— How to complete this task —
Take the lines from the line containing "Stadtbusse: mit der" through the end of the entries and output them exactly, with no pictures and nothing more.

Segment Start: Records for processing

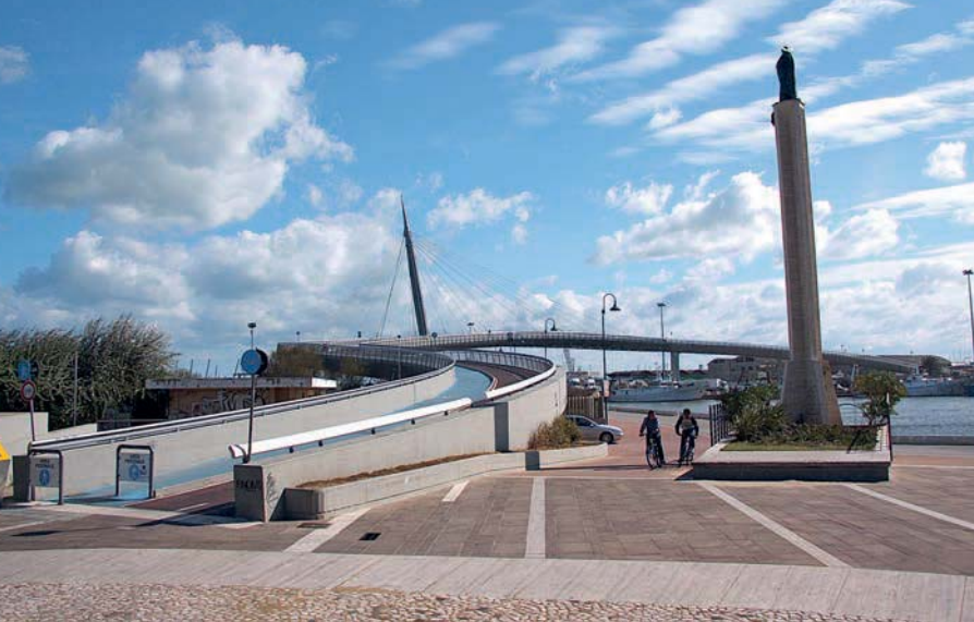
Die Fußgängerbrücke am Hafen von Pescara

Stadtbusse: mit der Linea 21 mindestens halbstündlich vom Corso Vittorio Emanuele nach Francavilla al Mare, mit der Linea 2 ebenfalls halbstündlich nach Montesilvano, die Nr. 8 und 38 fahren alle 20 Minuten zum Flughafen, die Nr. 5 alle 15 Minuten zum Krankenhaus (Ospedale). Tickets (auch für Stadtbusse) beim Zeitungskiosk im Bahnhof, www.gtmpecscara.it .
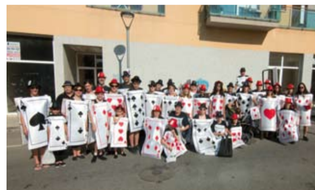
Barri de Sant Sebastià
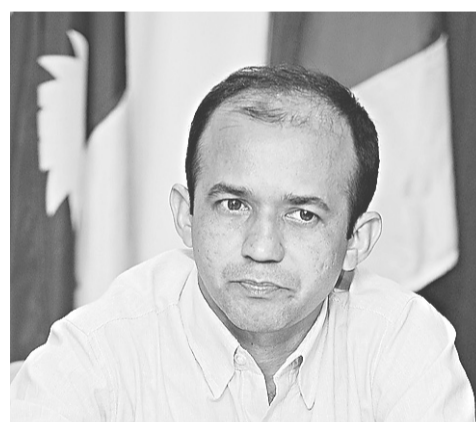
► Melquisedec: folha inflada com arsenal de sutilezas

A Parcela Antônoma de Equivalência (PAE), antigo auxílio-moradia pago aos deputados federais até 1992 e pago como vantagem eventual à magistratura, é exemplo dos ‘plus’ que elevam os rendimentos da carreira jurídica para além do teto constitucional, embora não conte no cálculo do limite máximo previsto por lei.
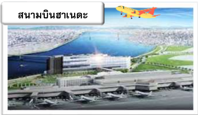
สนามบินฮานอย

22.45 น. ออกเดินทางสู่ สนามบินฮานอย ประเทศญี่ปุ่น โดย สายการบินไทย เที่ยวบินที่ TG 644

Segment End: Records for processing

— Exercise response —
Stadtbusse: mit der Linea 21 mindestens halbstündlich vom Corso Vittorio Emanuele nach Francavilla al Mare, mit der Linea 2 ebenfalls halbstündlich nach Montesilvano, die Nr. 8 und 38 fahren alle 20 Minuten zum Flughafen, die Nr. 5 alle 15 Minuten zum Krankenhaus (Ospedale). Tickets (auch für Stadtbusse) beim Zeitungskiosk im Bahnhof, www.gtmpecscara.it .
Barri de Sant Sebastià
► Melquisedec: folha inflada com arsenal de sutilezas

A Parcela Antônoma de Equivalência (PAE), antigo auxílio-moradia pago aos deputados federais até 1992 e pago como vantagem eventual à magistratura, é exemplo dos ‘plus’ que elevam os rendimentos da carreira jurídica para além do teto constitucional, embora não conte no cálculo do limite máximo previsto por lei.
สนามบินฮานอย

22.45 น. ออกเดินทางสู่ สนามบินฮานอย ประเทศญี่ปุ่น โดย สายการบินไทย เที่ยวบินที่ TG 644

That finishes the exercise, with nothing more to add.